_Task description_
Write out again, exactly, the lines below starting at the one with "A modern take" and ending at the one with "By way of example, here".

[Opening Supplied material section]

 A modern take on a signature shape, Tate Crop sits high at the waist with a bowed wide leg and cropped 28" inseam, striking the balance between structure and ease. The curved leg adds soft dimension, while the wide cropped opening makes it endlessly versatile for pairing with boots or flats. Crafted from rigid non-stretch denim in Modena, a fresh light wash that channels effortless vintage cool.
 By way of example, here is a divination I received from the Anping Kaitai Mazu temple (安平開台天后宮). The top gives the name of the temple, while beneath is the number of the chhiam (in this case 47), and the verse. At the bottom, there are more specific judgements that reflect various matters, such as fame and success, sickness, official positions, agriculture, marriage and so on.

[Closing Supplied material section]
[Opening Supplied material section]

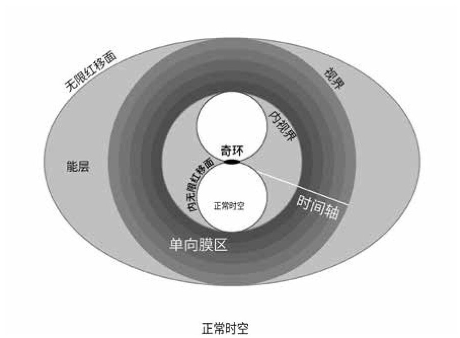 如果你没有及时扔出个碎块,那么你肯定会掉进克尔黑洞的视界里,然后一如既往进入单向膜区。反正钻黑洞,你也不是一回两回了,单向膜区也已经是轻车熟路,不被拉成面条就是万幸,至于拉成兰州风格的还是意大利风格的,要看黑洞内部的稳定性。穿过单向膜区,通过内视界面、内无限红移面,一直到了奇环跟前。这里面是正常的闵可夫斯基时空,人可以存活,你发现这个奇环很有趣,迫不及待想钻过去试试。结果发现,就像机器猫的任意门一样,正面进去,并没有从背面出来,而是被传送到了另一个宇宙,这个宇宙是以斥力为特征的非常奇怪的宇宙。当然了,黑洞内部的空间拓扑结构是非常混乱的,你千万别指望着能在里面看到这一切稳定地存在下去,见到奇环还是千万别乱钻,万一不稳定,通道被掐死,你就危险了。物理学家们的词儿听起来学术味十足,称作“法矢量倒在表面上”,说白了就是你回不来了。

[Closing Supplied material section]

_Result of this task_
 A modern take on a signature shape, Tate Crop sits high at the waist with a bowed wide leg and cropped 28" inseam, striking the balance between structure and ease. The curved leg adds soft dimension, while the wide cropped opening makes it endlessly versatile for pairing with boots or flats. Crafted from rigid non-stretch denim in Modena, a fresh light wash that channels effortless vintage cool.
 By way of example, here is a divination I received from the Anping Kaitai Mazu temple (安平開台天后宮). The top gives the name of the temple, while beneath is the number of the chhiam (in this case 47), and the verse. At the bottom, there are more specific judgements that reflect various matters, such as fame and success, sickness, official positions, agriculture, marriage and so on.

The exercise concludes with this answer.